## What is expected
From the entries below, write out exactly the lines between the line holding "The grand entrance" and the line holding "種蒔き大好き✨🌱🌱🌱✨ 大きくなった姿を夢見て沢山の小さな苗たちのお世話に励んでいます! よろしくお願いします!(*^-^*)", inclusive, excluding any pictures.

## Data extract
..............................

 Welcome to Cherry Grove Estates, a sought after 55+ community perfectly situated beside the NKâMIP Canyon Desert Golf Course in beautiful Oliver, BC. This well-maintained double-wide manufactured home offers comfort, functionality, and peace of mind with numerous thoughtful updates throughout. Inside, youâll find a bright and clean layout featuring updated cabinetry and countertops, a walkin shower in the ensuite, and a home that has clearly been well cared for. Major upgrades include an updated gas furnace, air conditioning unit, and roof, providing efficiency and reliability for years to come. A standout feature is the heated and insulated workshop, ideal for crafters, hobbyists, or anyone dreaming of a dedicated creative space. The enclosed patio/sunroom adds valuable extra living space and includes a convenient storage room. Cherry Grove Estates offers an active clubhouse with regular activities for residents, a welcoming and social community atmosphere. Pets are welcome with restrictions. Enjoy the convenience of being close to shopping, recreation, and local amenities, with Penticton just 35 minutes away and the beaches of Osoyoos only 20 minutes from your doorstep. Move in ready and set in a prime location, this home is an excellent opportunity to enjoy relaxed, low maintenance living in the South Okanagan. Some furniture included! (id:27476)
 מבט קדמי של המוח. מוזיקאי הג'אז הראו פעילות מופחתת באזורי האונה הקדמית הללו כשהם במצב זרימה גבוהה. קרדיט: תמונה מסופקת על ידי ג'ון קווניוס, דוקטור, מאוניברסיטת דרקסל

..............................

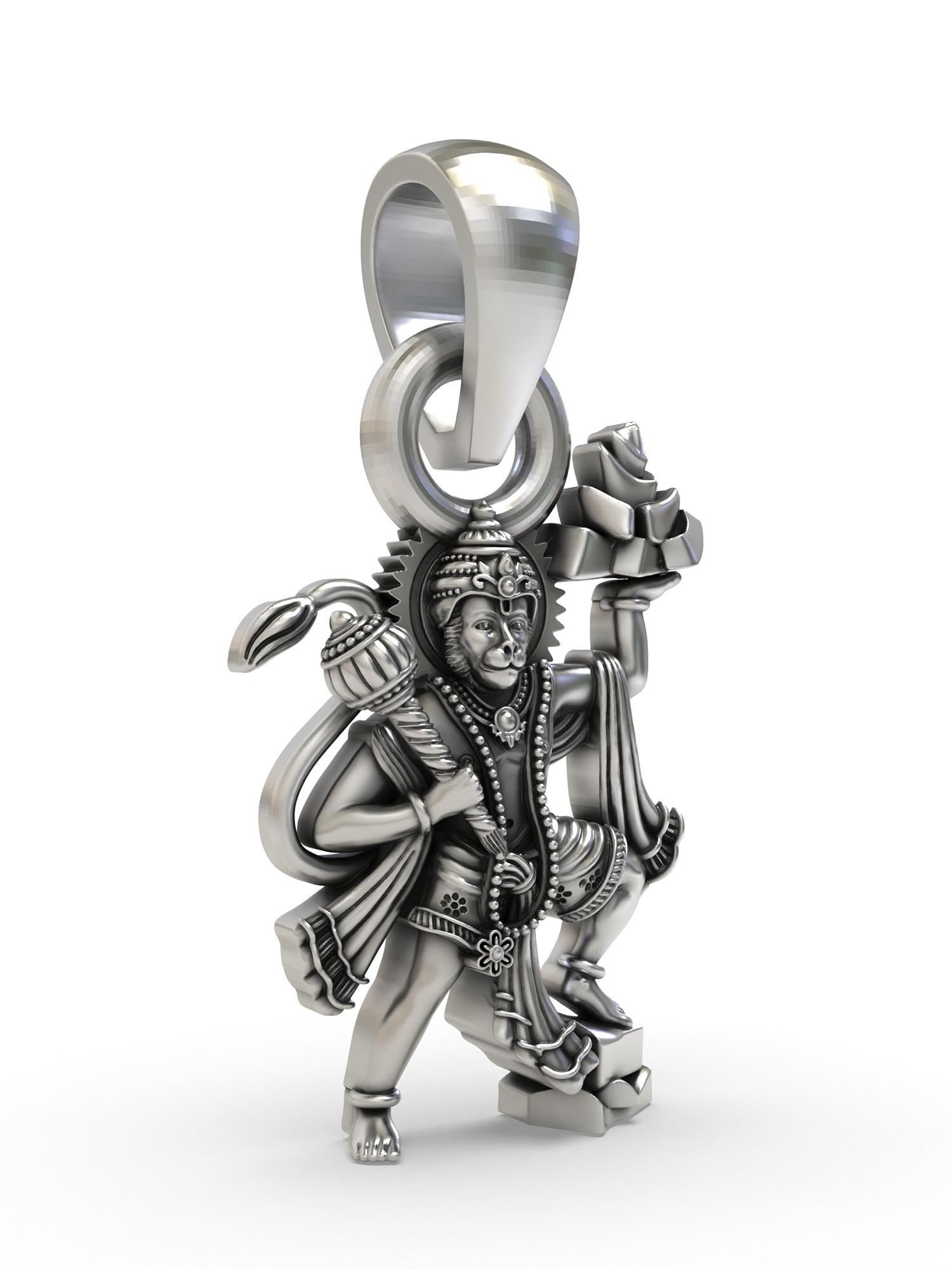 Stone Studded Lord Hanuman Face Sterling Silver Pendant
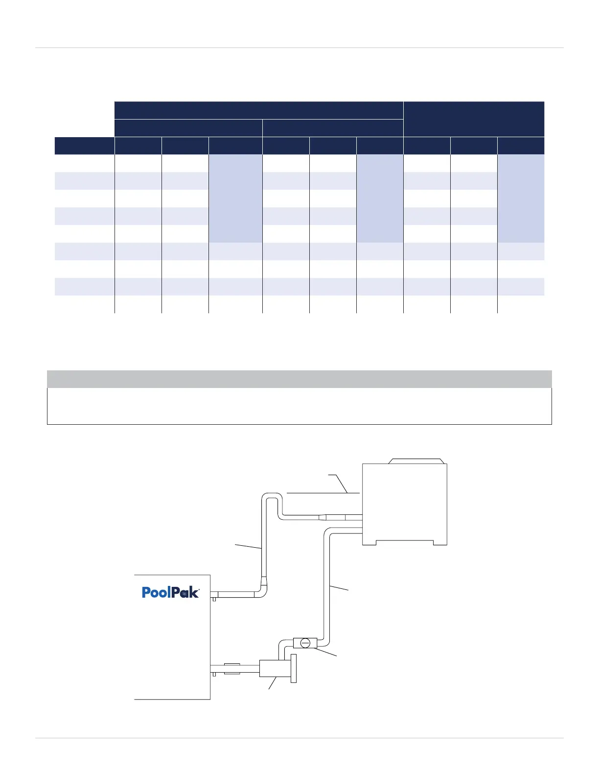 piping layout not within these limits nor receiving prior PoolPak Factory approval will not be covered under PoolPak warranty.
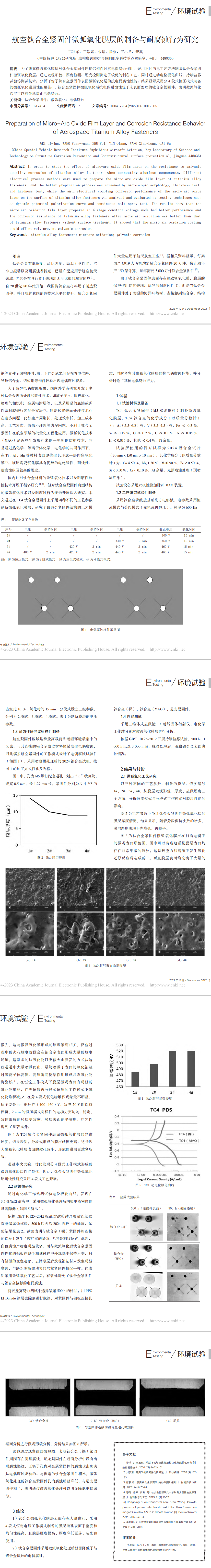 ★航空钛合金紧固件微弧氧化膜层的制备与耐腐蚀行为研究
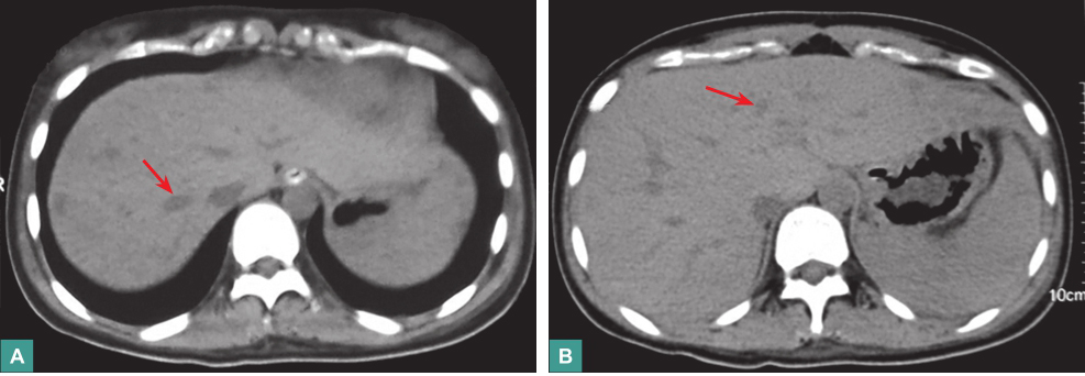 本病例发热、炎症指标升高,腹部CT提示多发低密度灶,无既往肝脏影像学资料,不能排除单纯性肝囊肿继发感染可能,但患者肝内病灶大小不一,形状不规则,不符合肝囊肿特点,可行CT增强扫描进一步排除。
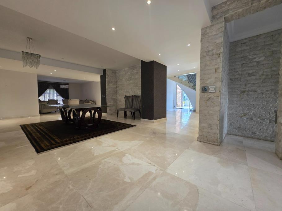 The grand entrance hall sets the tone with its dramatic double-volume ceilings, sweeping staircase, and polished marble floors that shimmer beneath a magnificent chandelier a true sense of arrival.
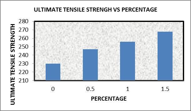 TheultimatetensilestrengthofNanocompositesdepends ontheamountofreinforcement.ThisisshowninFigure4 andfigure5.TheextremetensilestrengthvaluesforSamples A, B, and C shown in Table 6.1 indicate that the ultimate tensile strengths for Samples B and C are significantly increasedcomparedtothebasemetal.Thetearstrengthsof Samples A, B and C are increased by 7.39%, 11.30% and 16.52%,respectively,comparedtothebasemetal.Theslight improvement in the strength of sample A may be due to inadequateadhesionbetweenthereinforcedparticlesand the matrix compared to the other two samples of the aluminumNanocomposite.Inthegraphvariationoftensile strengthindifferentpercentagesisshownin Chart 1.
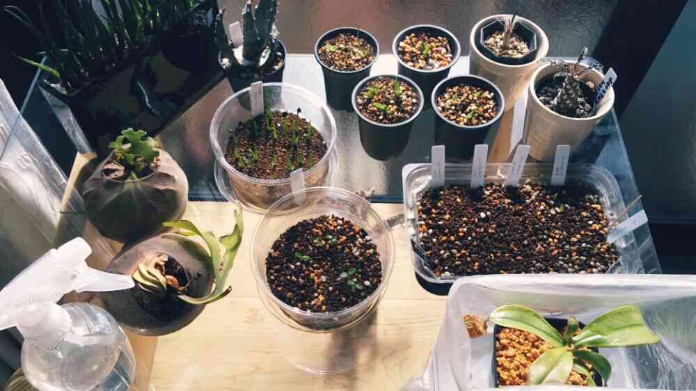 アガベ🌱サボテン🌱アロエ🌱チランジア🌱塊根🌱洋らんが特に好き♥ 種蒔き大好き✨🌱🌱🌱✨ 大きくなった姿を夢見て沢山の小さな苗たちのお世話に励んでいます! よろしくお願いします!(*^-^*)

..............................

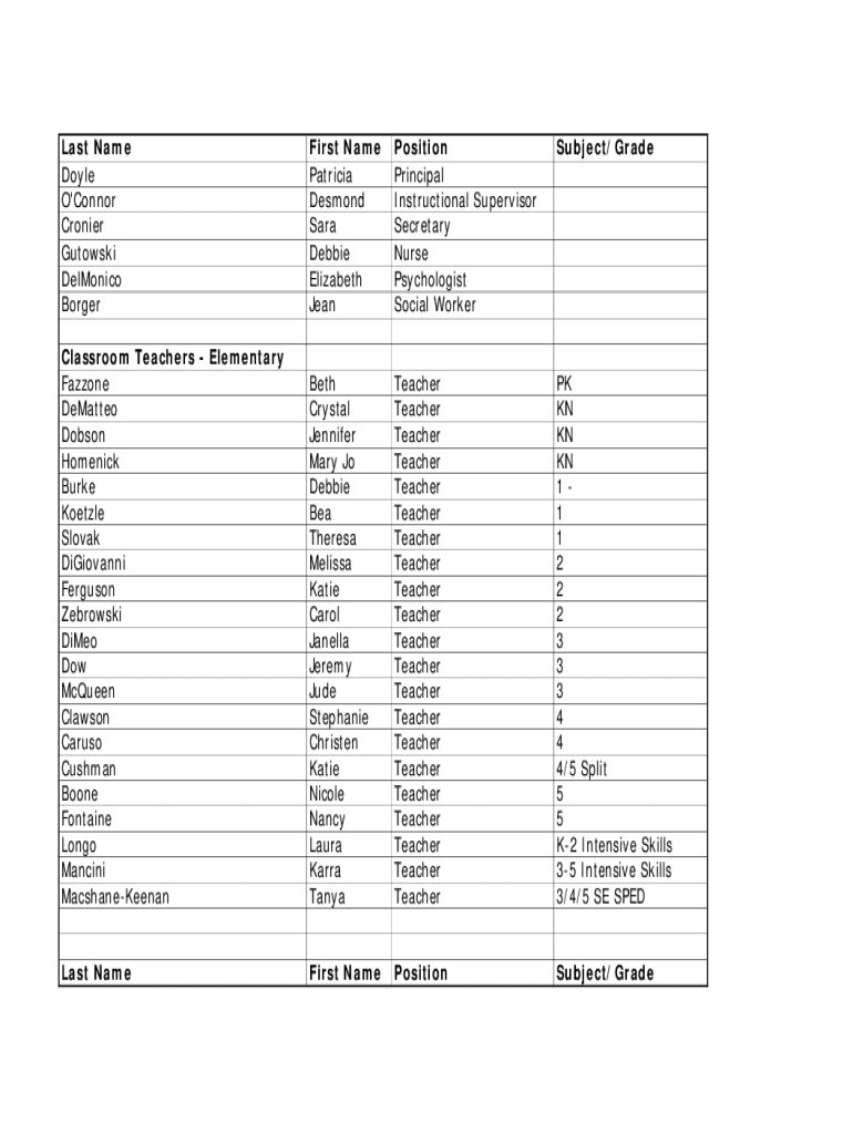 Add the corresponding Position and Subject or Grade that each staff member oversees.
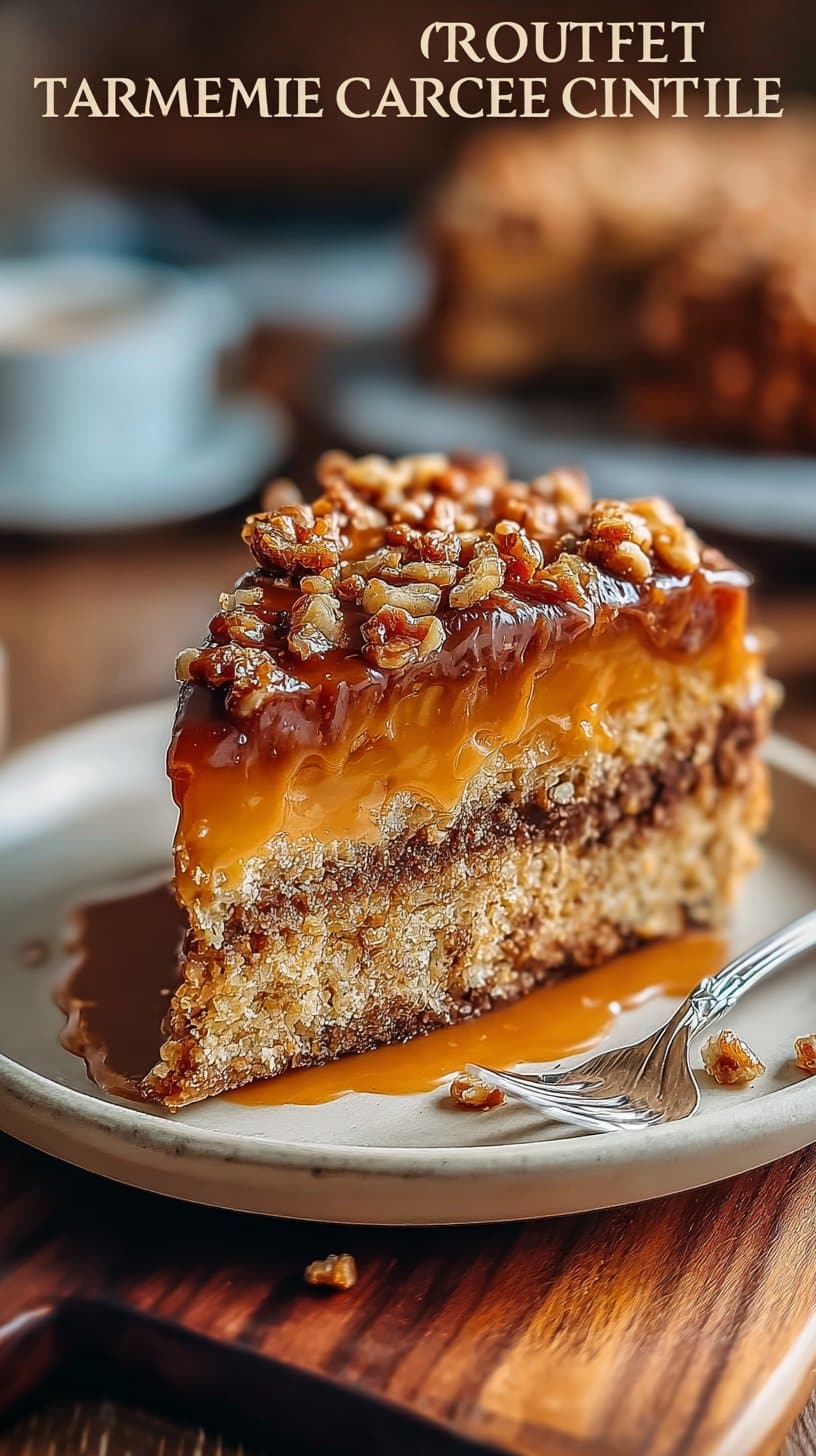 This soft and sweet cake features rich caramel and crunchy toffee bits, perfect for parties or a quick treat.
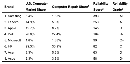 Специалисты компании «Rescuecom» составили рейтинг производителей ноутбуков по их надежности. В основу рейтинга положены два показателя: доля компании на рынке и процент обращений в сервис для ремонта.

..............................

## Output for this exercise
 The grand entrance hall sets the tone with its dramatic double-volume ceilings, sweeping staircase, and polished marble floors that shimmer beneath a magnificent chandelier a true sense of arrival.
 TheultimatetensilestrengthofNanocompositesdepends ontheamountofreinforcement.ThisisshowninFigure4 andfigure5.TheextremetensilestrengthvaluesforSamples A, B, and C shown in Table 6.1 indicate that the ultimate tensile strengths for Samples B and C are significantly increasedcomparedtothebasemetal.Thetearstrengthsof Samples A, B and C are increased by 7.39%, 11.30% and 16.52%,respectively,comparedtothebasemetal.Theslight improvement in the strength of sample A may be due to inadequateadhesionbetweenthereinforcedparticlesand the matrix compared to the other two samples of the aluminumNanocomposite.Inthegraphvariationoftensile strengthindifferentpercentagesisshownin Chart 1.
 アガベ🌱サボテン🌱アロエ🌱チランジア🌱塊根🌱洋らんが特に好き♥ 種蒔き大好き✨🌱🌱🌱✨ 大きくなった姿を夢見て沢山の小さな苗たちのお世話に励んでいます! よろしくお願いします!(*^-^*)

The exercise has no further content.